On Tue, Oct 27, 2020 at 04:11:27PM -0700, Nick Desaulniers wrote:
> On Tue, Oct 27, 2020 at 4:04 PM Daniel Borkmann <daniel@xxxxxxxxxxxxx> wrote:
> >
> > On 10/27/20 9:57 PM, Ard Biesheuvel wrote:
> > > Commit 3193c0836f203 ("bpf: Disable GCC -fgcse optimization for
> > > ___bpf_prog_run()") introduced a __no_fgcse macro that expands to a
> > > function scope __attribute__((optimize("-fno-gcse"))), to disable a
> > > GCC specific optimization that was causing trouble on x86 builds, and
> > > was not expected to have any positive effect in the first place.
> > >
> > > However, as the GCC manual documents, __attribute__((optimize))
> > > is not for production use, and results in all other optimization
> > > options to be forgotten for the function in question.
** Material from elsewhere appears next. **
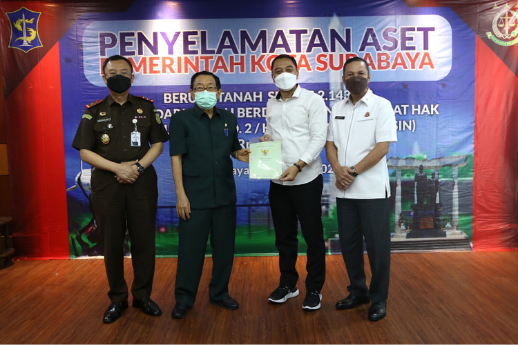 Gambat penyerahan sertifikat ke Wali Kota Surabaya.

This can
> > > cause all kinds of trouble, but in one particular reported case,
> >
> > Looks like there are couple more as well aside from __no_fgcse, are you
> > also planning to fix them?
> >
> > arch/powerpc/kernel/setup.h:14:#define __nostackprotector __attribute__((__optimize__("no-stack-protector")))
>
> GCC literally just landed support for
> __attribute__((no_stack_protector)) a few days ago. I was planning on
> sending a patch adding it to compiler_attributes.h, but we won't be
> able to rely on it for a while. Now I see I'll have to clean up ppc a
> bit. Surely they've had bugs related to optimize attribute
> unexpectedly dropping flags.
>
> > tools/include/linux/compiler-gcc.h:37:#define __no_tail_call __attribute__((optimize("no-optimize-sibling-calls")))
>
> Only used in perf?
> tools/perf/tests/dwarf-unwind.c

Right, that should probably be fixed. It also probably doesn't matter
too much since its an unwinder tests, but still, having that attribute
is dangerous.

The only cross-compiler way of doing this is like in commit
a9a3ed1eff360.

---
Subject: tools/perf: Remove broken __no_tail_call attribute

The GCC specific __attribute__((optimize)) attribute does not what is
commonly expected and is explicitly recommended against using in
production code by the GCC people.

Unlike what is often expected, it doesn't add to the optimization flags,
but it fully replaces them, loosing any and all optimization flags
provided by the compiler commandline.

The only guaranteed upon means of inhibiting tail-calls is by placing a
volatile asm with side-effects after the call such that the tail-call
simply cannot be done.

Given the original commit wasn't specific on which calls were the
problem, this removal might re-introduce the problem, which can then be
re-analyzed and cured properly.

Signed-off-by: Peter Zijlstra (Intel) <peterz@xxxxxxxxxxxxx>
---
tools/include/linux/compiler-gcc.h | 12 ------------
tools/include/linux/compiler.h | 3 ---
tools/perf/tests/dwarf-unwind.c | 10 +++++-----
3 files changed, 5 insertions(+), 20 deletions(-)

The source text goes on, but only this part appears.